Most query operations require the use of at least two data sets and this necessitates a “join” operation. At a simplistic level, a join is used to combine the fields within two or more data sets in a single query, based on common logical relationships between those various data sets. In our simple data example, suppose that there was a department data set in addition to the employee data set. A query might ‘join’ the department and employee data to return a single result combining data from both data sets. There are a number of ways that data sets can be joined:

  • Inner - returns all rows where there is at least one match in both tables
  • Full Outer - returns all rows from both tables, with matching rows from both sides where available. If there is no match, missing side will contain null.
  • Outer left - returns all rows from left table, and matched rows from right table
  • Outer right - returns all rows from right table, and matched rows from left table
  • Cross - returns a Cartesian product of source sets, i.e. all rows from left table for each row in the right table 

The process of defining and executing a SQL join is simple. The required type of join is implemented using the WHERE clause:

SELECT
  d.deptno,
  d.dname,
  e.empno,
  e.ename
FROM dept d
INNER JOIN emp e ON (e.deptno = d.deptno);

Note that there is nothing in this SQL query that describes the actual join process for the two data sets.

In many procedural languages the process of joining two sets of data can be complicated due to the need to explicitly code each join structure and join algorithm for each combination of columns across the various data sets. The level of complication builds as additional data sets are added to the query; different join operations are required for combinations of data sets such as taking into account missing values within data sets. The join order of multiple data sets has to be decided on and coded procedurally. It is very easy for the amount and complexity of code to increase dramatically as the number of data sets increases. This makes data processing validation and debugging very challenging.  Once additional requirements are applied, such as aggregating specific data points, the level of code complexity within procedural languages can escalate very quickly. 

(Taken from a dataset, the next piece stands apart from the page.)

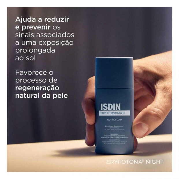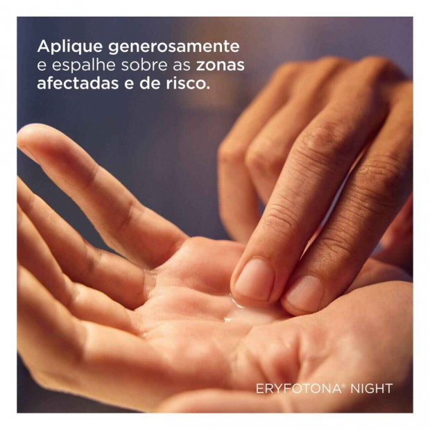 Agita antes de usar. Aplica Isdin Eryfotona Night Repair Sérum à noite, nas zonas afetadas, como rosto, pescoço, decote, couro cabeludo e mãos.
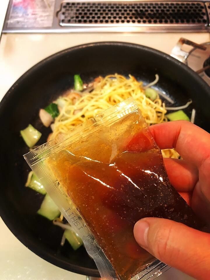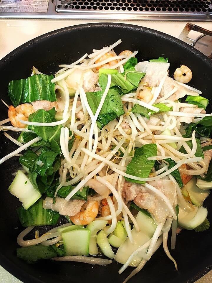 具材に火が通ったら、お皿に移していた麺を入れて、軽く混ぜます。

For example when we join the two tables EMP and DEPT there could be departments that contains no employees. Using an inner join, the departments with zero employees are not be returned. If a query needs to return a count of the number of employees in every department, including the ‘empty’ departments containing zero employees, then an outer join is required as shown here:

 

SELECT
d.deptno,
count(e.empno)
FROM dept
LEFT OUTER JOIN emp e ON (e.deptno = d.deptno)
GROUP BY d.deptno ORDER BY d.deptno;

 

 Slide04

 

Hopefully, if you study the above code samples It is clear that SQL’s join code is easily readable – and code-able. The developer only specifies the semantic join condition and leaves the processing details - such as the order of the joins - to the SQL engine. 

 

4. Aggregate

Aggregation is an important step in the process of analyzing data sets. Most operational, strategic and discovery-led queries rely on summarizing detailed level data. According to a TDWI report “Data Aggregation - Seven Key Criteria to an Effective Aggregation Solution” - up to 90% of all reports contain some level of aggregate information. Therefore, the ability to simply and efficiently aggregate data is a key requirement when selecting a language. If the aggregation process is correctly implanted it can generate significant performance benefits, which creates new opportunities for organizations to boost their overall analysis and reporting capabilities.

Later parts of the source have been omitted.